**Instructions to follow:**
From the listing below, please restate exactly the lines beginning at the one with "Photo by Professor" and ending at the one with "Racing pigeons, Swedish", both included, and skip the pictures.

**Data extracts:**

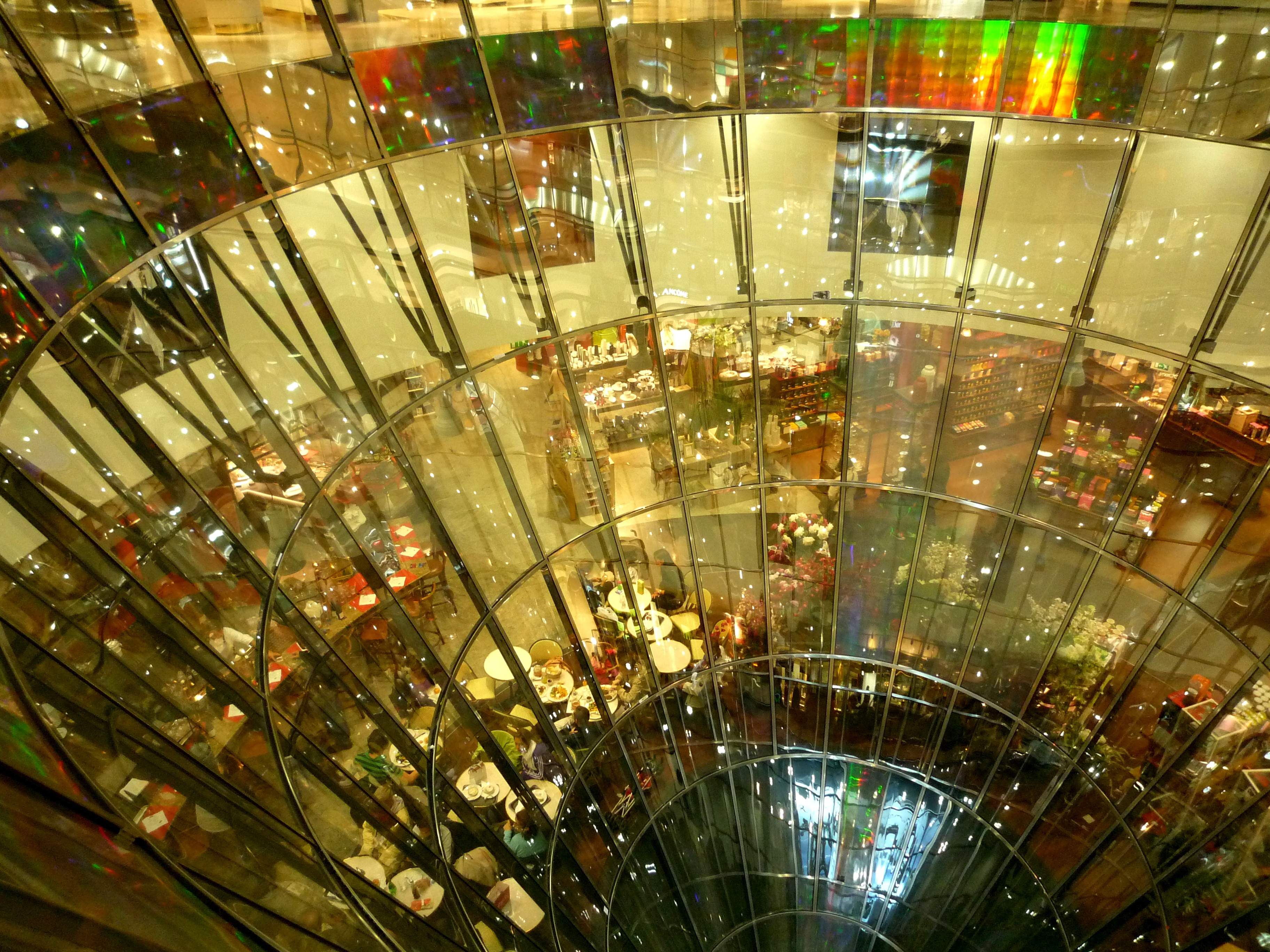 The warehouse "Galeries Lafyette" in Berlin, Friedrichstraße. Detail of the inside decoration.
* * *
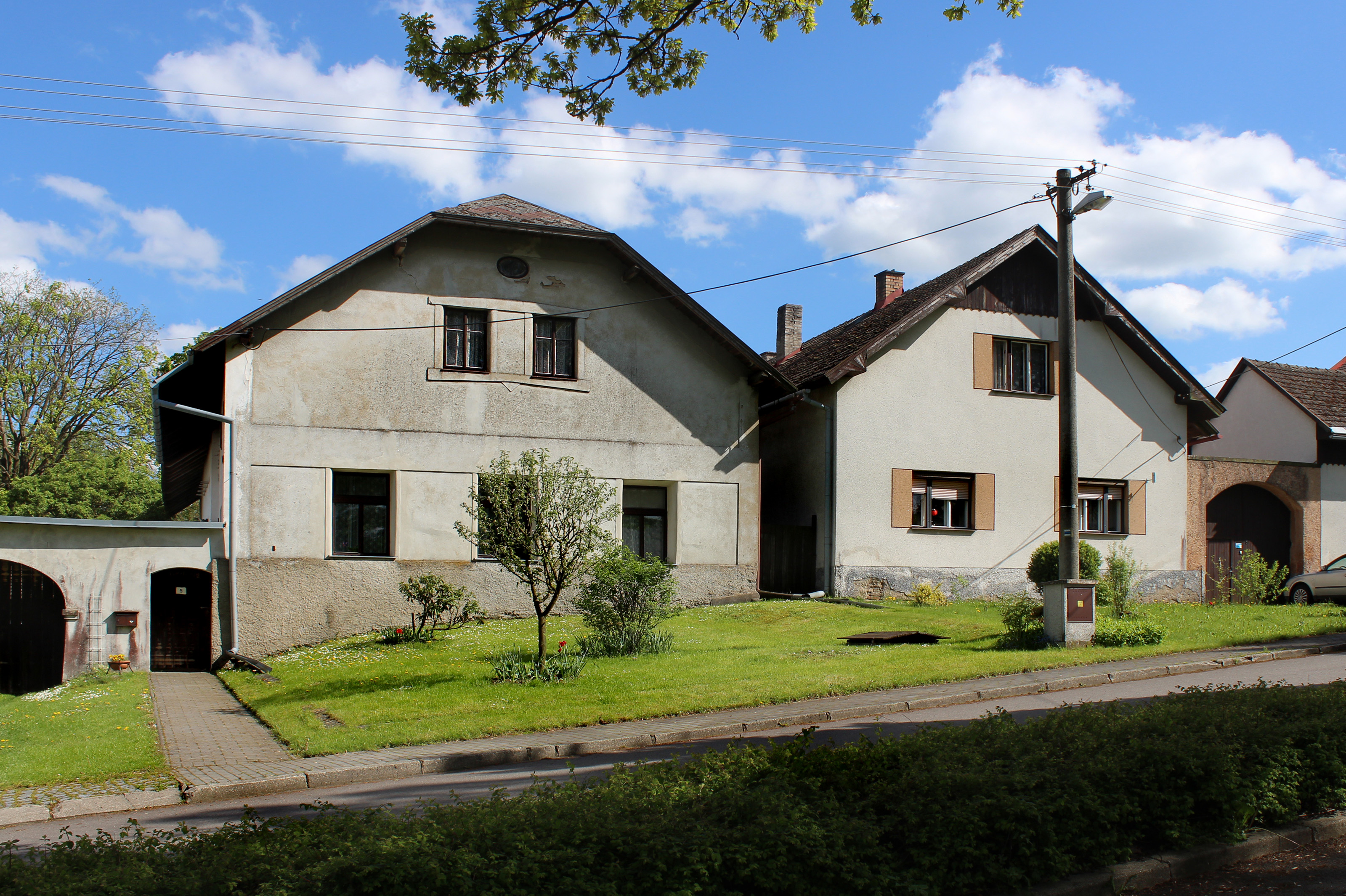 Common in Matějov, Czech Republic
--
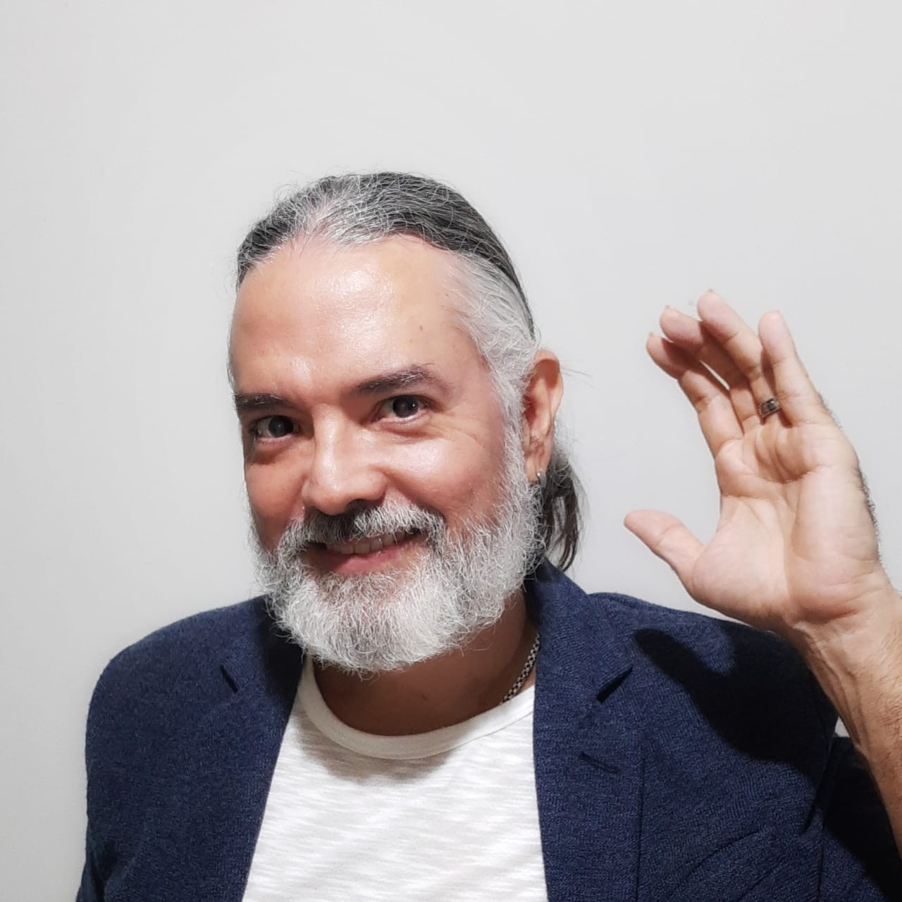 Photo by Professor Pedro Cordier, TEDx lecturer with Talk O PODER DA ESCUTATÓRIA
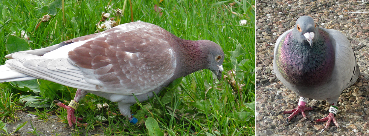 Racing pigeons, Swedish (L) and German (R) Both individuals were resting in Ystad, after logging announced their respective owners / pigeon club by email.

**Written solution:**
 Photo by Professor Pedro Cordier, TEDx lecturer with Talk O PODER DA ESCUTATÓRIA
 Racing pigeons, Swedish (L) and German (R) Both individuals were resting in Ystad, after logging announced their respective owners / pigeon club by email.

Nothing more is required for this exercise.